This article originally appeared on Brighthand.com.
Despite recent economic slowdowns, mobile phones continued to ship worldwide and the market actually experienced double-digit growth. Nokia and Samsung continued to hold their leading positions in market share.
During the first quarter of this year, the market for mobile phones worldwide were unaffected by the economic slowdown. In fact, shipments rose by a double-digit percentage compared to the same period in 2007.
Global mobile-handset shipments reached 296 million units during the first three months of this year, up 17% from the first quarter of 2007, according to market-research firm iSupply.
Results by company
Nokia easily maintained its market dominance last quarter. Its shipments of 115.5 million units gave it a market share of 39%. Shipments were up 26.8% year over year.

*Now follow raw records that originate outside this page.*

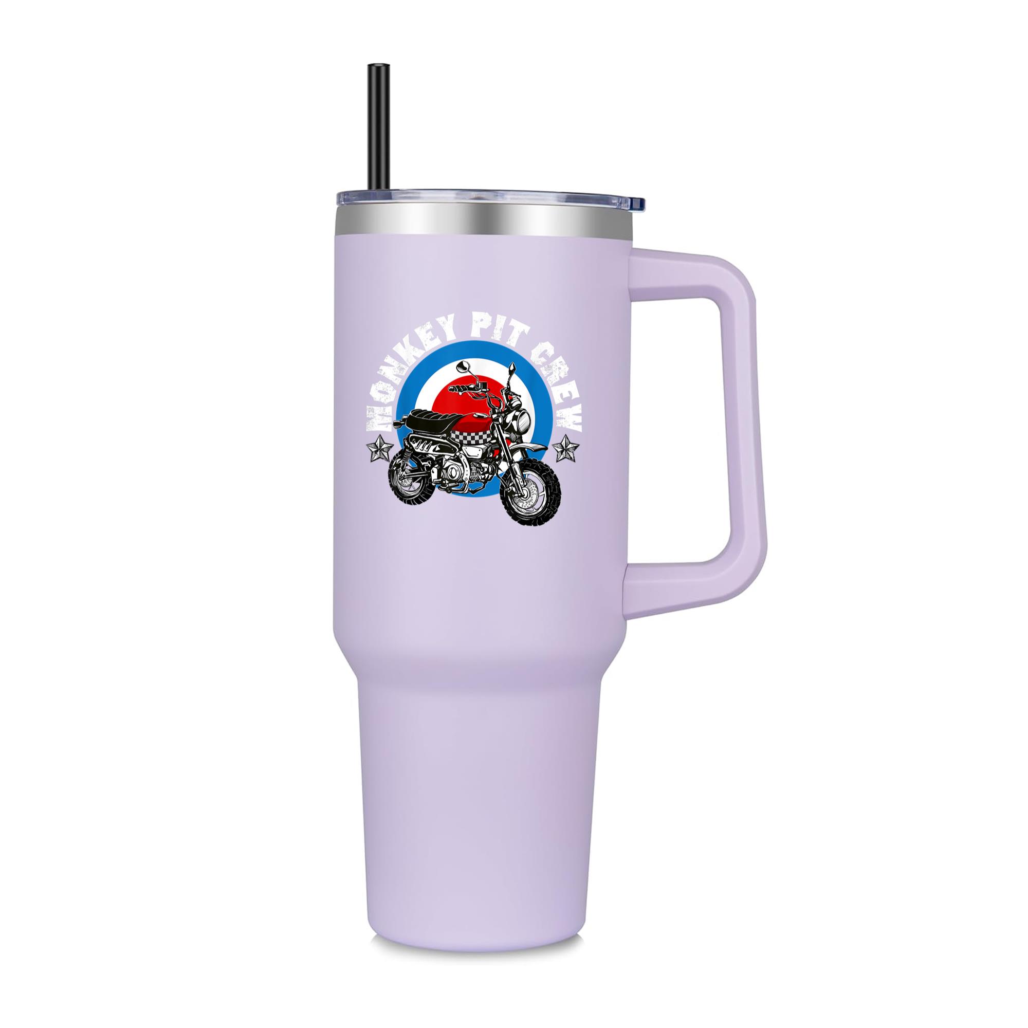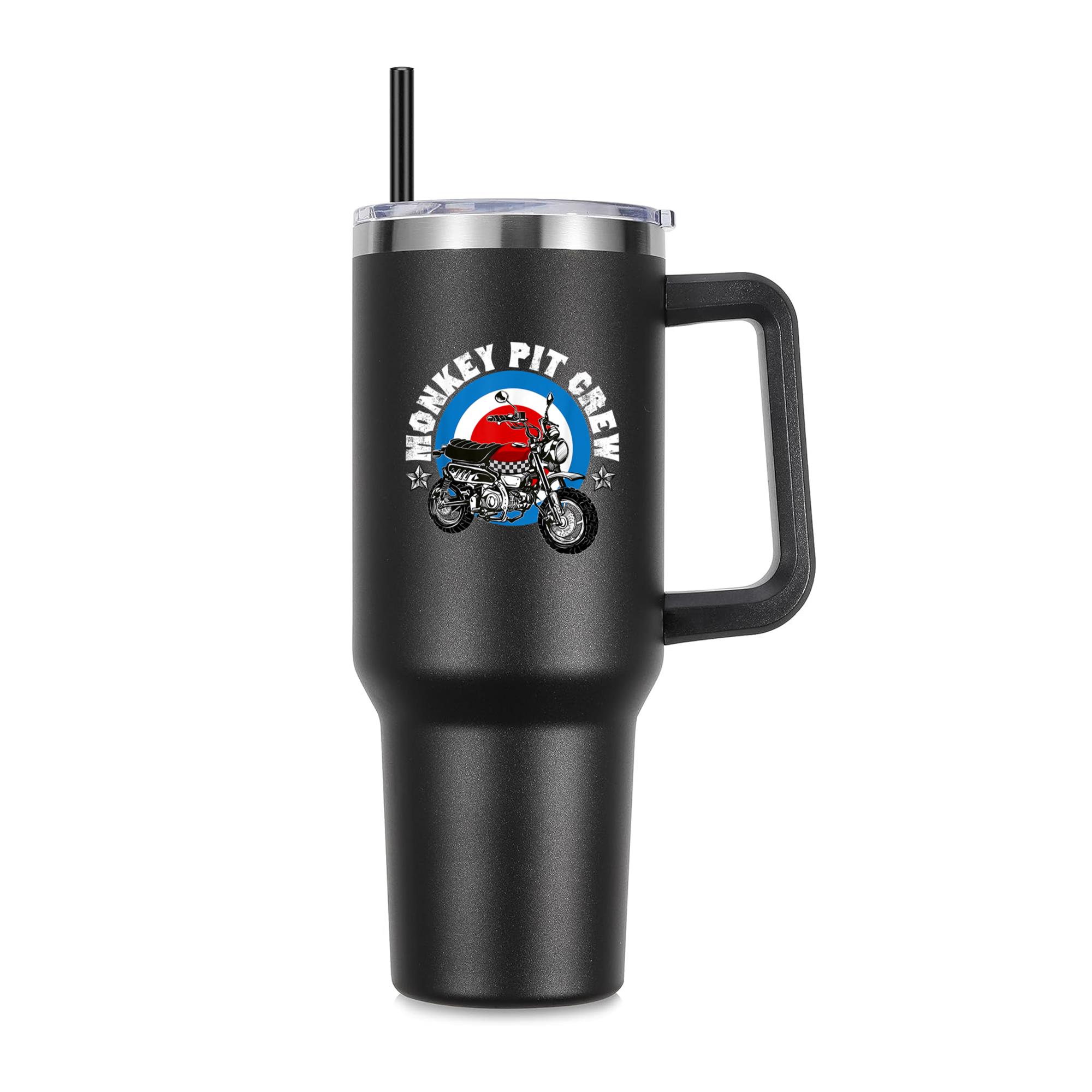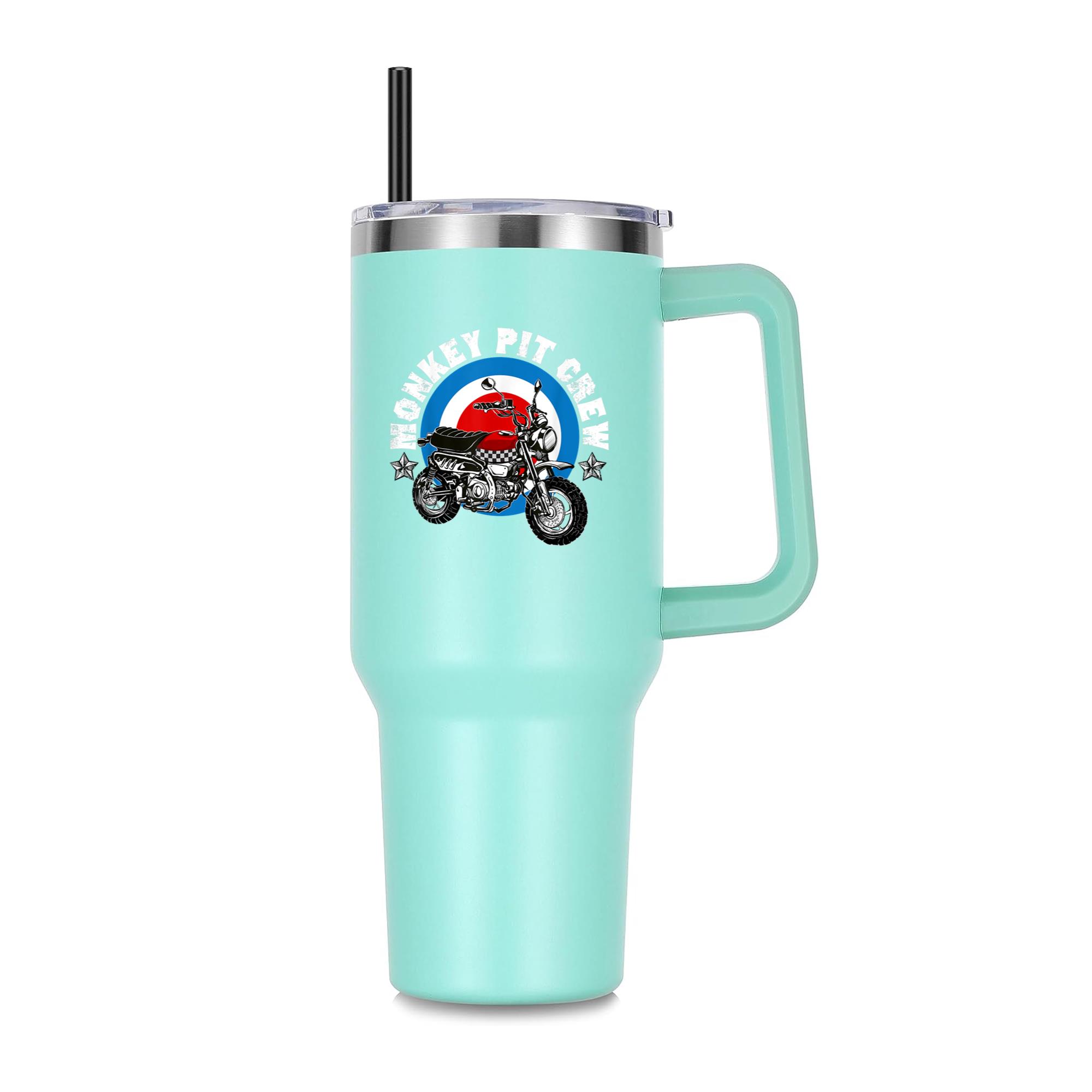 Retro Monkey Bike Pit Crew 40oz Stainless Steel Tumbler 40oz Stainless Steel Tumbler with Handle and Straw – Double-Wall Vacuum Insulated Travel Mug with Lid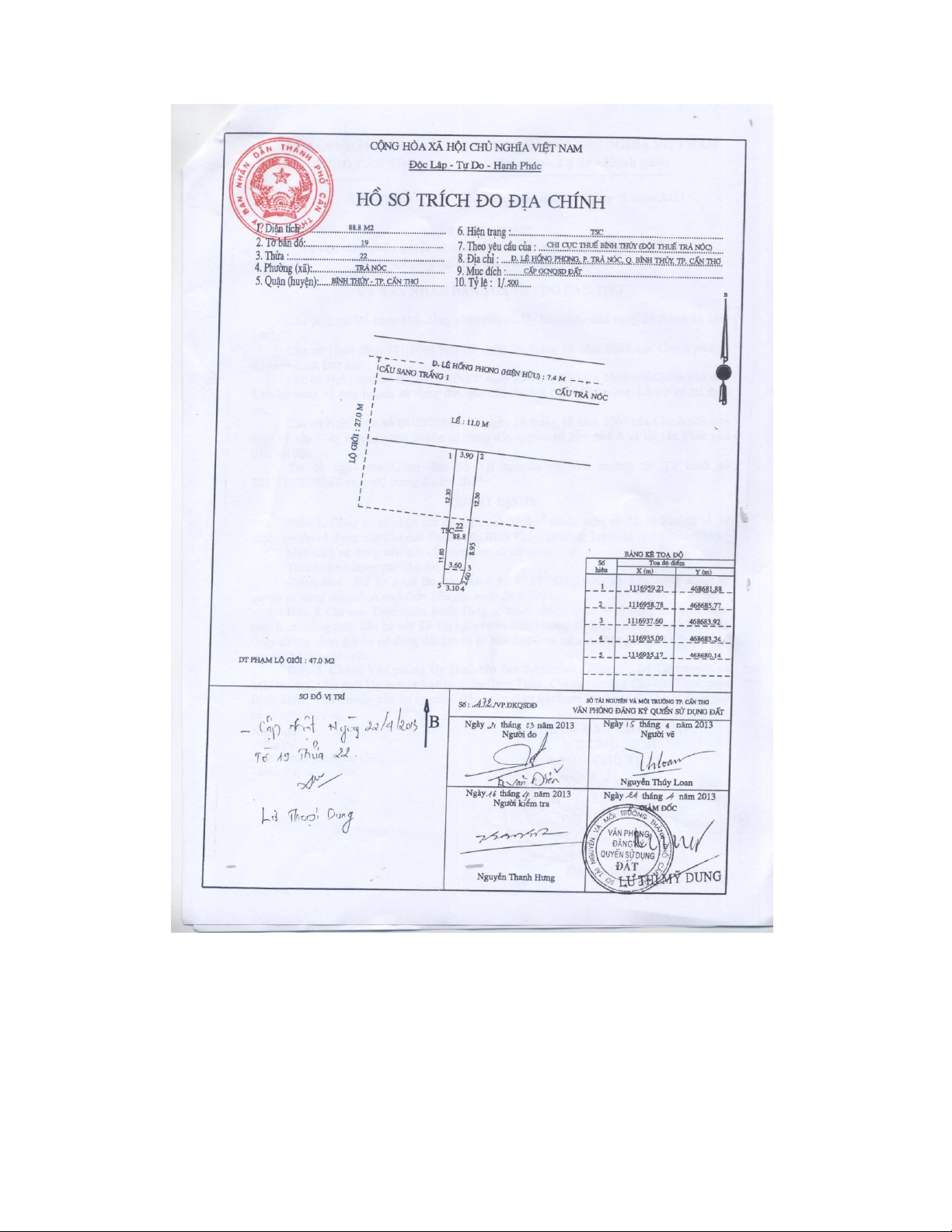 đăng ký quyền sử dụng đất thành phố Cần Thơ lập ngày 24/4/2013).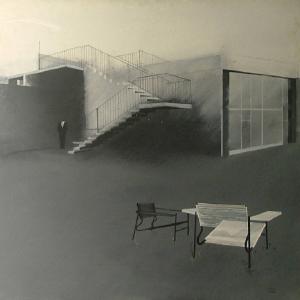 il tema dell'opera è lo spazio, qui rappresentato nella dimensione dilatata con elementi architettonici e di arredo che potrebbero definire il limite di una stanza o, all'inverso, dello spazio esterno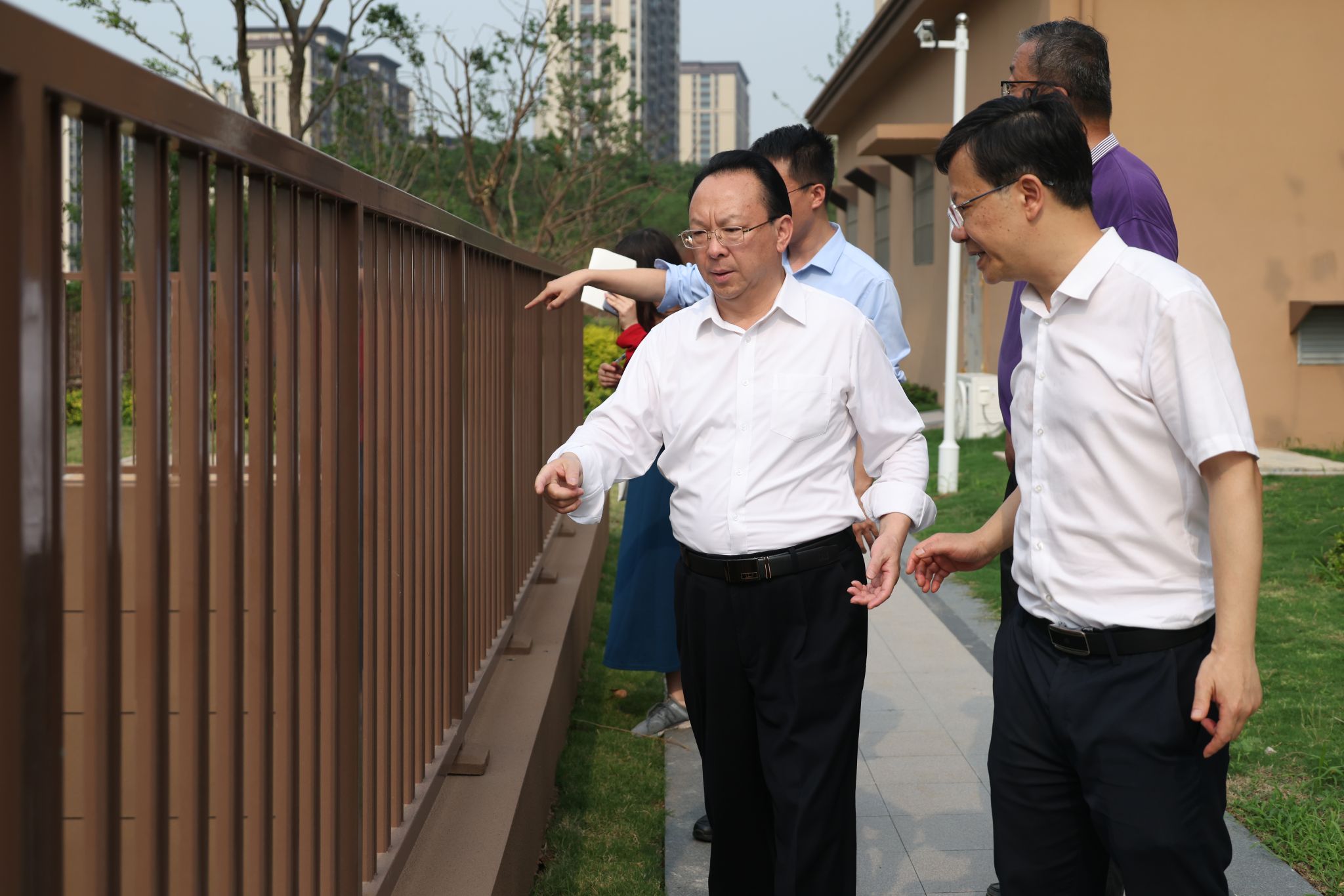 在建设工地,谭铁牛实地考察了施工现场,认真听取了置业公司相关负责人关于项目建设进展的汇报,关切询问了道路规划、绿化布局、无障碍坡道建设、周边环境建设等基本情况。谭铁牛指出,句容雍园项目事关凯发k8官网教职工的切身利益,意义重大、影响深远,学校党委常委会将其作为重要议题进行跟进性研讨,必须全力以赴加快推进项目建设,切实保障教职工权益。他强调,行百里者半九十,目前,项目已经进入收尾阶段,要在加快工期的同时确保工程质量,抓细抓实每个建设环节,加强与地方政府和施工单位的沟通协同,进一步优化空间设计,加强周边环境建设,统筹兼顾当前工程建设需求和未来教职工生活需求,为教职工营造优美舒适的生活环境,让大家开开心心拿到房、高高兴兴住进来、舒舒服服住下来。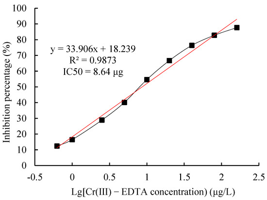 As per the above-optimized conditions, the standard curve of Cr(III)-EDTA icELISA was established (Figure 9). The derived linear regression equation was y = −33.906x + 18.239 and IC50 value was 8.64 μg/L.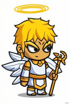 solo, blonde hair, male focus, wings, dark skin, chibi, halo, staff, angel wings, angel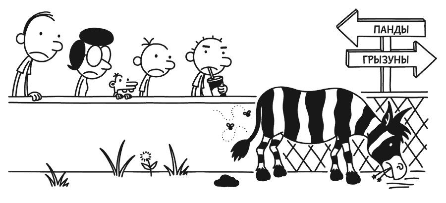 Мэнни хотел отправиться в сафари-парк, мы часто ездили туда, когда я был маленький. Животные там выглядят очень ГРУСТНЫМИ, особенно ослик, которого красят, чтобы он был похож на зебру.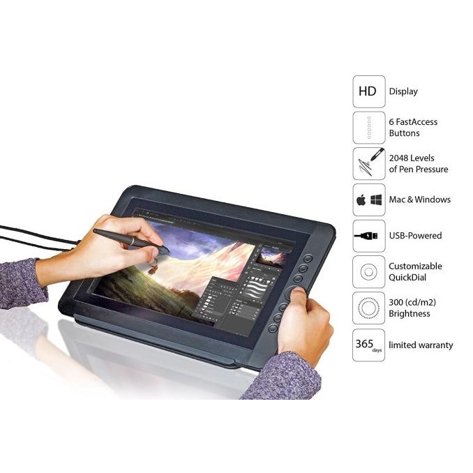 Für alle digitalen Künstler und Designer! Das Artisul D13S Grafiktablett mit 13,3 Zoll Full-HD Display ist dein Tor zur kreativen Welt. Mit 8192 Stufen Druckempfindlichkeit zeichnest du so präzise wie auf echtem Papier. Der batterielose Stift liegt perfekt in der Hand und die 6 programmierbaren Tasten plus Wählrad machen die Arbeit super effizient. Kompatibel mit Photoshop, Clip Studio und vielen anderen Programmen. Nur 1,1 kg leicht - ideal für unterwegs. Im Lieferumfang: Stift, Ständer, Kabel und sogar ein Zeichenhandschuh. Starte noch heute durch mit deinen digitalen Kunstwerken!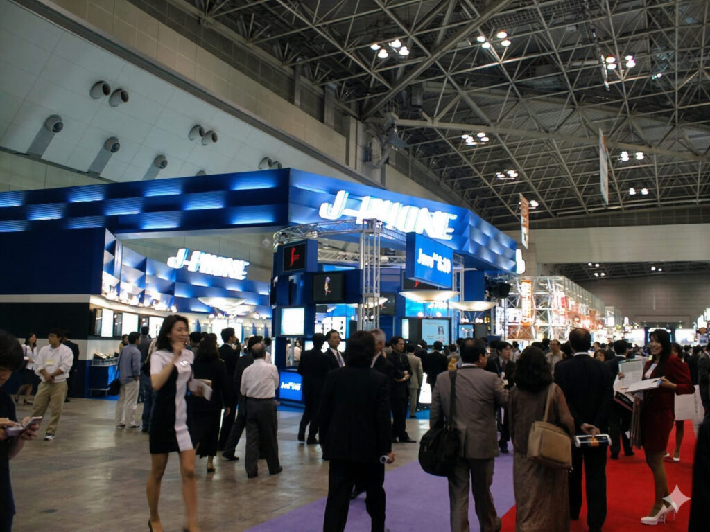 こちらは昔のイベント会場を撮影した写真です。奥には懐かしの「J-PHONE」のブースが見えますね。当時のカメラ性能のためか、全体的に解像度が低く、人の顔や看板の文字がブレてぼやけてしまっています。

Samsung reinforced its No. 2 position in the first quarter of 2008. Its world handset market share rose to 15.6% in the first quarter, and its shipments were up 33%.
Amid serious losses, declining market share, and restructuring, Motorola's mobile-handset business continued to struggle. It had a 9.3% share of the market last quarter. It's mobile phone shipments had a yearly decline of 39.6% last quarter.
Just slightly behind Motorola was LG with 8.2% of the world market and Sony Ericsson with 7.5%. LG's shipments increased dramatically -- 54.4% -- to put it ahead of Sony Ericsson, whose sales only went up 2.3%.
LG credited its sales growth to strong results in emerging regions and in its home market of S. Korea. Sony Ericcson, on the other hand, blamed its weak performance in the first three months of this year on slow demand for mid-range to high-range handsets, areas which have traditionally been strong for the company.
Because shipments of smartphones are dwarfed by those of feature phones and dumbphones, companies like RIM and Apple are unlikely to make it in the top five list any time soon.